> **Work to be completed**
Exactly as written, output the lines below starting from the first and ending with the line that contains "Coral orange, red, black, pale"; omit pictures.

> **Available data**
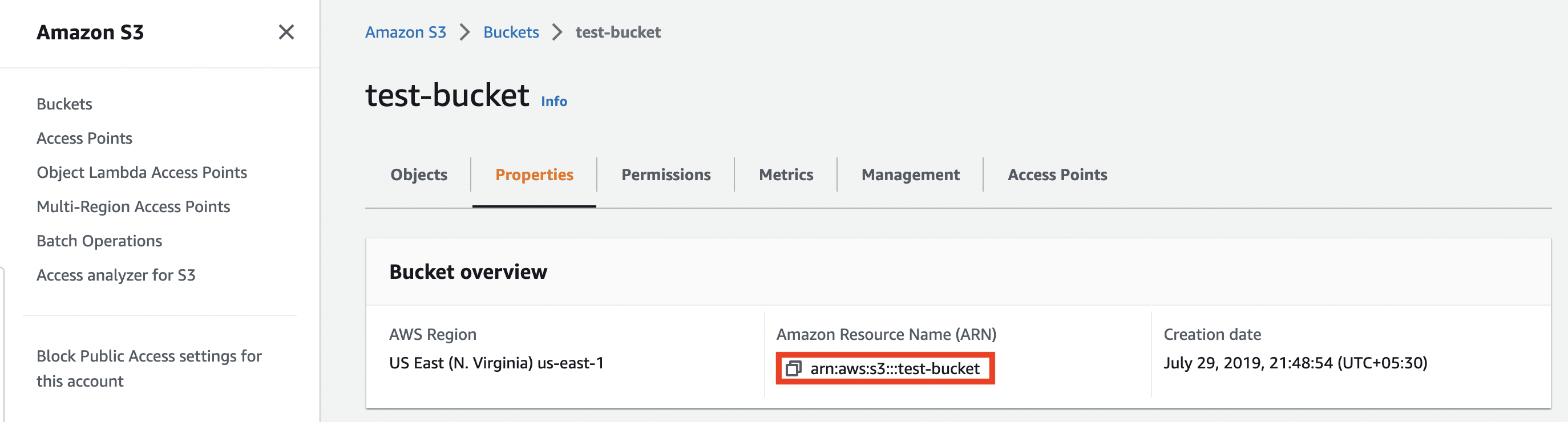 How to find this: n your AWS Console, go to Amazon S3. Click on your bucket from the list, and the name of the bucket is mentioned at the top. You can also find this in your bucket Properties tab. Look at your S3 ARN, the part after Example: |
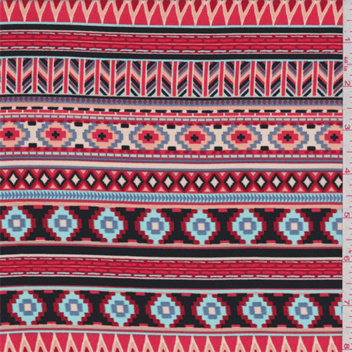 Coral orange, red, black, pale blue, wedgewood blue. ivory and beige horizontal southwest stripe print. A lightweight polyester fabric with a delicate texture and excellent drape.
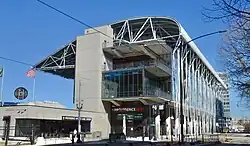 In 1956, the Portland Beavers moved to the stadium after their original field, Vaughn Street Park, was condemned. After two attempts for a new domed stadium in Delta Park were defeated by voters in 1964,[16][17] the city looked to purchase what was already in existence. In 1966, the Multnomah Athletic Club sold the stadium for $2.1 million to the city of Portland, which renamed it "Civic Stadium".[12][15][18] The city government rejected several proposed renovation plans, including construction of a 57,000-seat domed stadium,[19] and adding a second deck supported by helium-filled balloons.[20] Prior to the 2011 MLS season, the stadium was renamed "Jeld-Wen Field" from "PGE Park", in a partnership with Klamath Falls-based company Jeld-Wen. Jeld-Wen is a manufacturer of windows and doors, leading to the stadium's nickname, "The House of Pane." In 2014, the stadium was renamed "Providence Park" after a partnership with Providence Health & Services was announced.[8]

> **Answer section**
 How to find this: n your AWS Console, go to Amazon S3. Click on your bucket from the list, and the name of the bucket is mentioned at the top. You can also find this in your bucket Properties tab. Look at your S3 ARN, the part after Example: |
 Coral orange, red, black, pale blue, wedgewood blue. ivory and beige horizontal southwest stripe print. A lightweight polyester fabric with a delicate texture and excellent drape.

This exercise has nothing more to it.